STORED DATA -
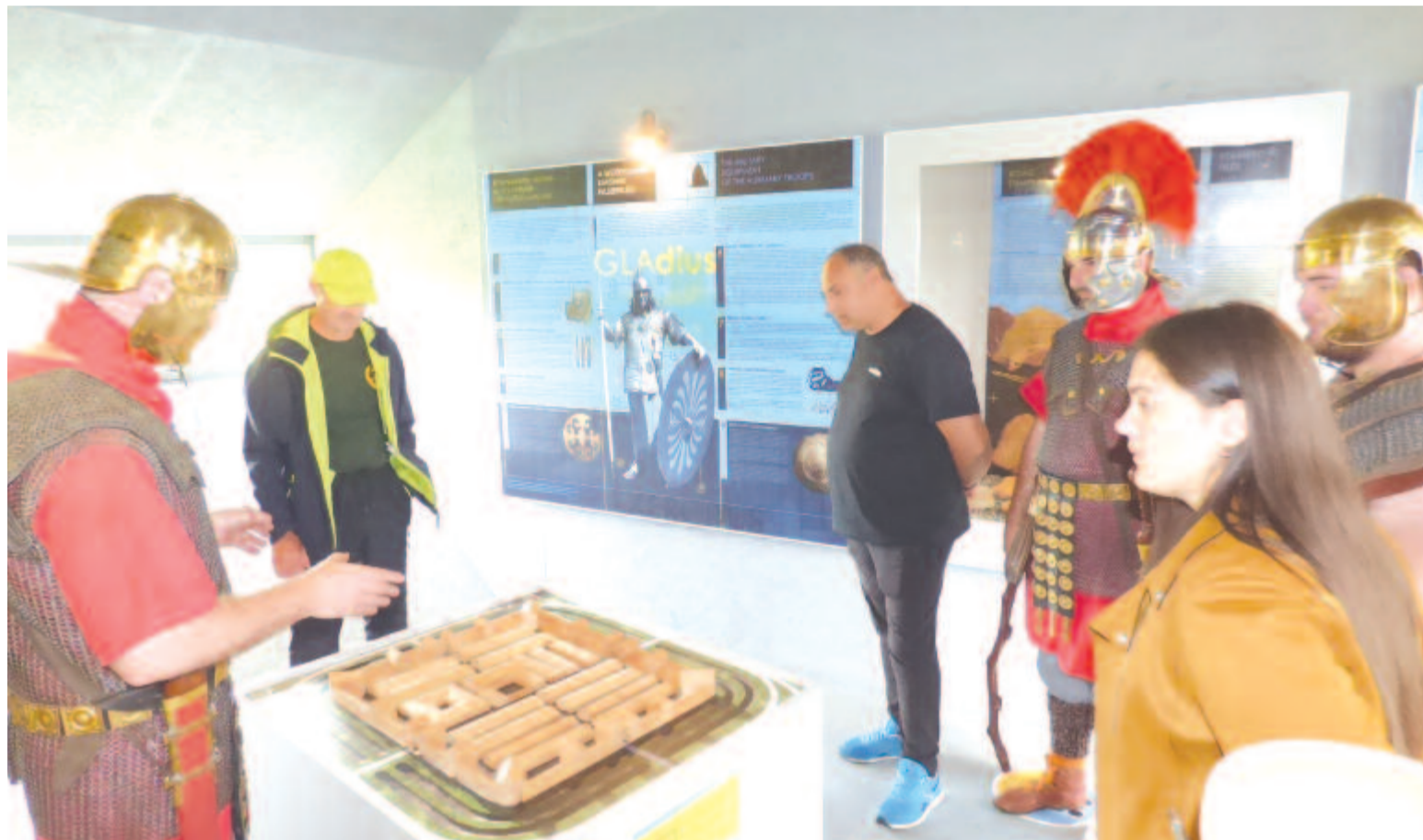
Az idődobozokban a római katonákat és a római életmódot ismerhetjük meg
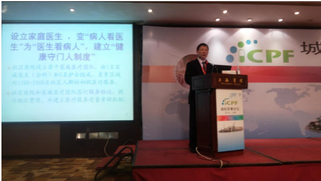
鄭樹忠，上海市人力資源和社會保障局副局長
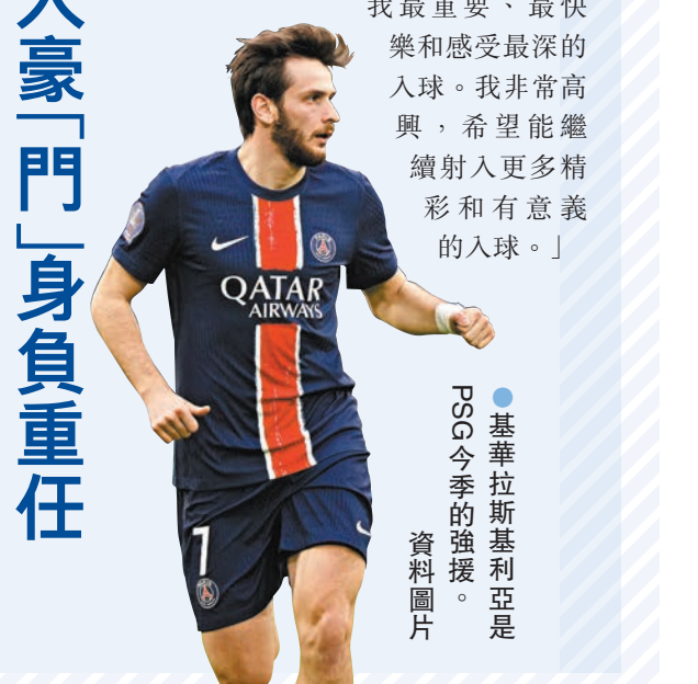
●基華拉斯基利亞是PSG今季的強援。

基華拉斯基利亞將隨隊於歐聯客阿仙奴，他表示出戰歐聯是每位球員的夢想，但要取得冠軍絕對不容易，「每家豪門都有能力贏冠軍，所以我們必須專注於自己的比賽，在比賽期間保持集中。」這位曾在歐聯8強首回合對阿士東維拉中取得入球的格魯吉亞國腳形容，該球是「最重要的入球」，「在主場，在球迷面前為球隊入球，這可能是我最重要、最快樂和感受最深的入球。我非常高興，希望能繼續射入更多精彩和有意義的入球。」

WHAT IS EXPECTED -
What you give back must be the data above, reproduced exactly and free of pictures.

ANSWER AREA -
Az idődobozokban a római katonákat és a római életmódot ismerhetjük meg
鄭樹忠，上海市人力資源和社會保障局副局長
●基華拉斯基利亞是PSG今季的強援。

基華拉斯基利亞將隨隊於歐聯客阿仙奴，他表示出戰歐聯是每位球員的夢想，但要取得冠軍絕對不容易，「每家豪門都有能力贏冠軍，所以我們必須專注於自己的比賽，在比賽期間保持集中。」這位曾在歐聯8強首回合對阿士東維拉中取得入球的格魯吉亞國腳形容，該球是「最重要的入球」，「在主場，在球迷面前為球隊入球，這可能是我最重要、最快樂和感受最深的入球。我非常高興，希望能繼續射入更多精彩和有意義的入球。」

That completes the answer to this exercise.